Data has no value by itself, value results from the integrated process of data collection, analysis and processing, and intelligence and experience of human is the most important catalyst in data analysis. From data to information, and again information to knowledge, those constitute the three layers of ultimate importance in data pyramid. With wisdom added besides the three-layer model springs up the standard DIKW model, like the pyramid (see Figure1-1). This model describes clearly transformations from data into information, and information into knowledge, which could be understood as an increasement of “knowledge density”. A piece of A4-size paper cannot read the business data of one day of a listed company, but can give a valuable brief (Information) to investors.

Figure 1-1 DIKW Data Pyramid Model

One paper on The Economist says that “The most valuable thing in the 21st century is not oil, but data.” [quotation] The process of data analysis can be considered as that of oil exploration, extraction and refining, as showed in Figure 1-2.

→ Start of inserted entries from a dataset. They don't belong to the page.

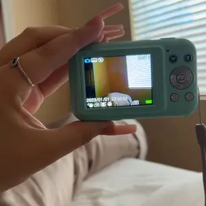 absolutely LOVE LOVE LOVEEEEE this camera 😫 cannot wait to take pics of me n my frens when we outside ! love the y2k look/quality , good price definitely recommend. Comes w a little bag for it , screen cleaner , a charger , and a band tou can attach to hold it.
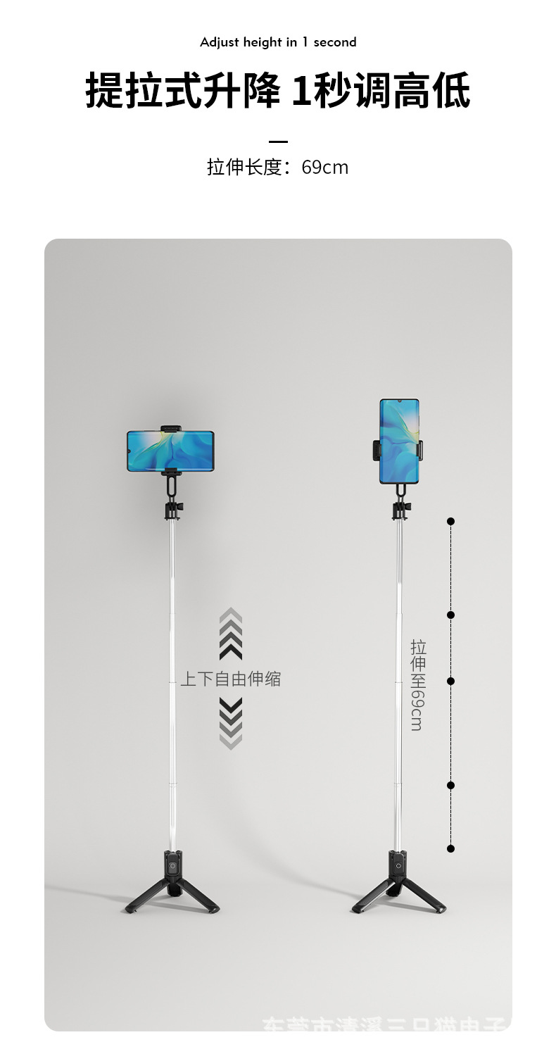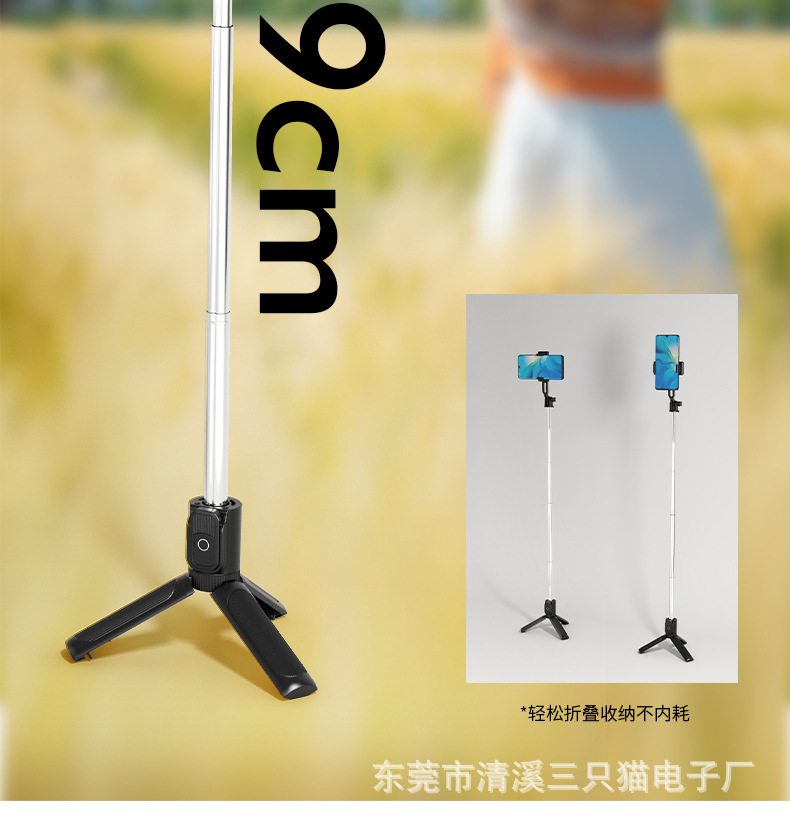 휴대용 미니 셀카 스틱 블루투스 조명 보충 여행 휴대용 휴대 전화 스탠드 카메라 아티팩트 바닥 삼각대 도매
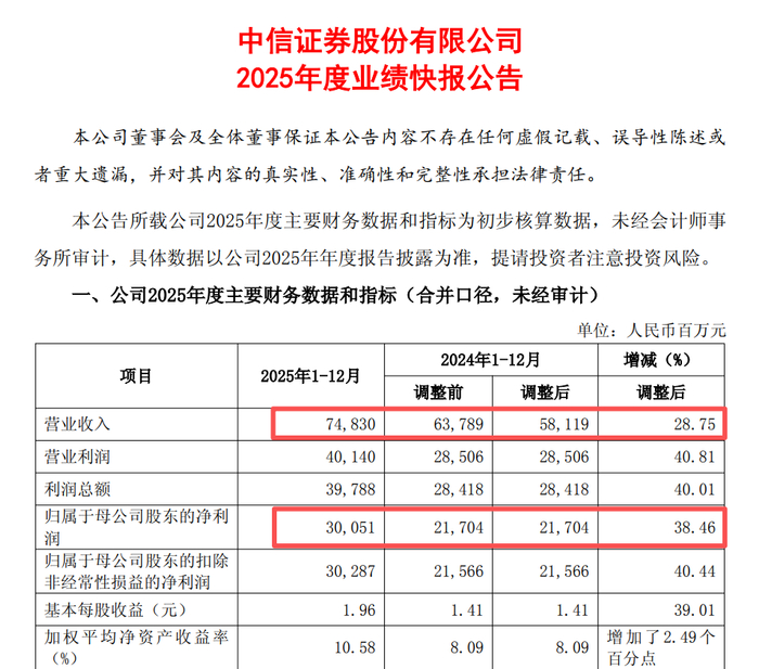 【导读】中信证券发布2025年度业绩快报,全年归母净利润突破300亿元

Data: symbols to understand facts, such as numbers, units, degrees etc., before collected or used for understanding, they are useless. Like non-reflected life, or unmined oil underground, unanalyzed data exists but has no worth. Computer system records data with fields, more details will be given in Chapter 2, which are the counterparts of basic concepts and drag and drop logic of Tableau.

Information: Information is data combination with logic, the most part of which is structured, for example, “Oil 95# is 7.6RMB/liter.” We can understand the world and relationship behind data through information, which is called “know-what” (know what facts are). The transformation from data into information is like the process of oil exploration and mining from underearth, the basis of which is data collection and preparation, more details of which seen in Chapter 3 and 4, equivalent to a part of functions of Tableau Prep Builder and Tableau Desktop.

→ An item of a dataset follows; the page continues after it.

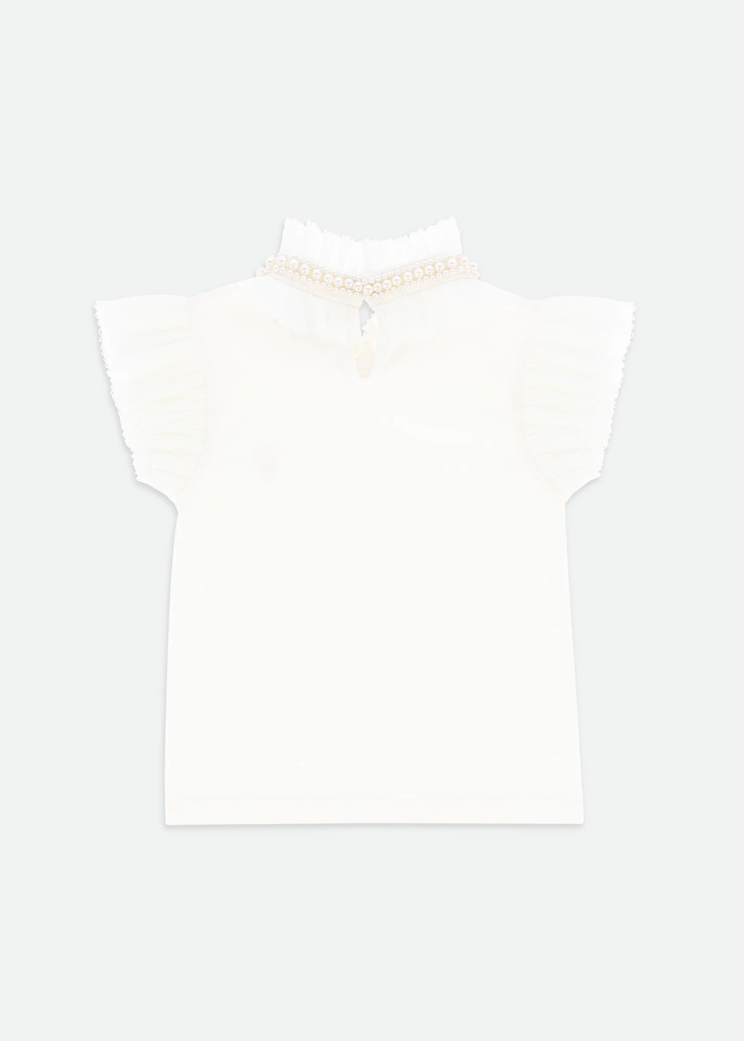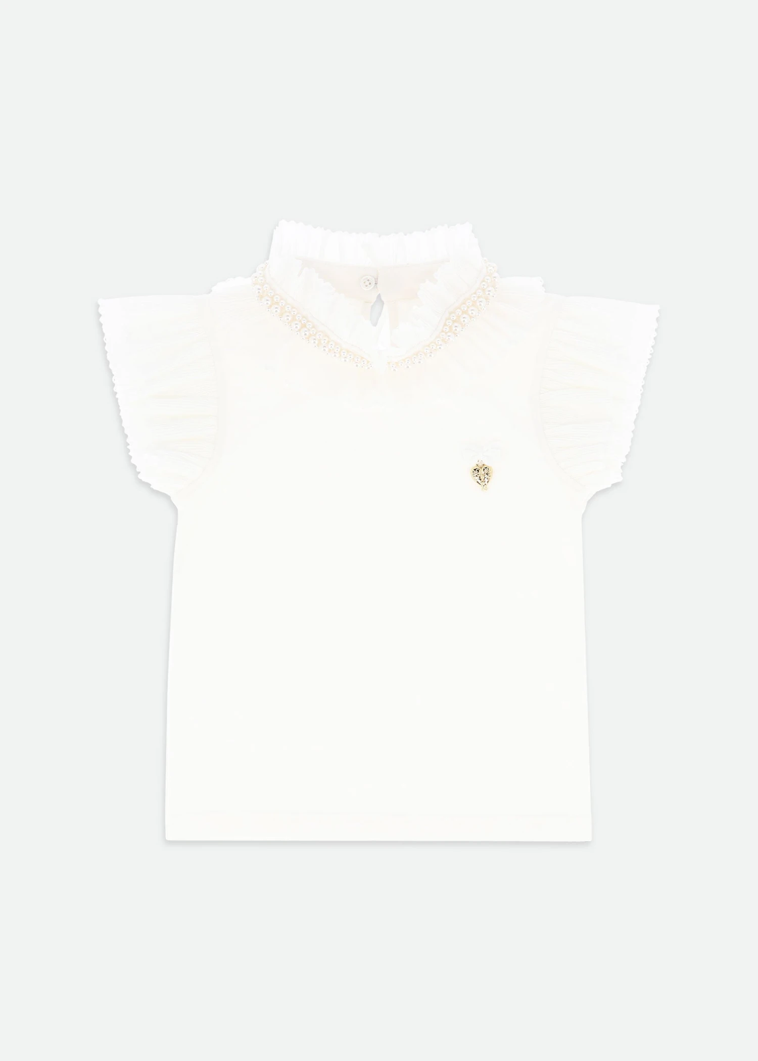 Dazzling pleated tulle and pearl top in snowdrop. This top features a pleated tulle collar with pearls and lovely tulle sleeves. Finished with an Angel’s Face small bow and gold heart charm on the chest. Fastens at the back with a gold logo button.

Knowledge: Knowledge is opinions based on data extracted from various data and information, so it varies from person to person. It is different from information, the former guides business decision-making and action directly, produces values directly, and so can be called “know-how” (knowledge and acts in perfect harmony). Like oil is refined into gasoline and gasoline power for cars, knowledge is the key product for data analysis.

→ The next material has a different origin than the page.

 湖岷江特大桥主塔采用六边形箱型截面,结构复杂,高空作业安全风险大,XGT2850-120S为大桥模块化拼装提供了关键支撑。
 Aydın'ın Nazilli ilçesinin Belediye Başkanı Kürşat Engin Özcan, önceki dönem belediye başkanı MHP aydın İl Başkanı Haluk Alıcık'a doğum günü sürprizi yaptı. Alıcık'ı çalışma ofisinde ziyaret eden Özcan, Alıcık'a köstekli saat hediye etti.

Wisdom: Deep understanding and empirical insights constitute wisdom. With it, data can be analyzed, facts can be understood, and causes can be seen, which is good logic, i.e. “know-why”. There are always some business leaders and managers in every company who can tell the industrial trends via minor data clues, see how things will develop from the first small beginnings, and give a good judgement on the future. Behind all of the wisdom and insights is more abstract and insightful data logic and knowledge system.

In short words, data analysis is the process of extracting and collecting information from data, and summarizing knowledge and adding up to insights, and then guiding decision-making.

In enterprises, every layer of DIKW model has its own data-holders. As Figure 2-1 shows, data layer corresponds to IT personnel (managing and maintaining data), information layer to analysts (IT analysts or business analysts), the one of knowledge to business managers (decision-makers based on data), and that of wisdom to senior managers and CEOs (who lead business managers to see data and the future).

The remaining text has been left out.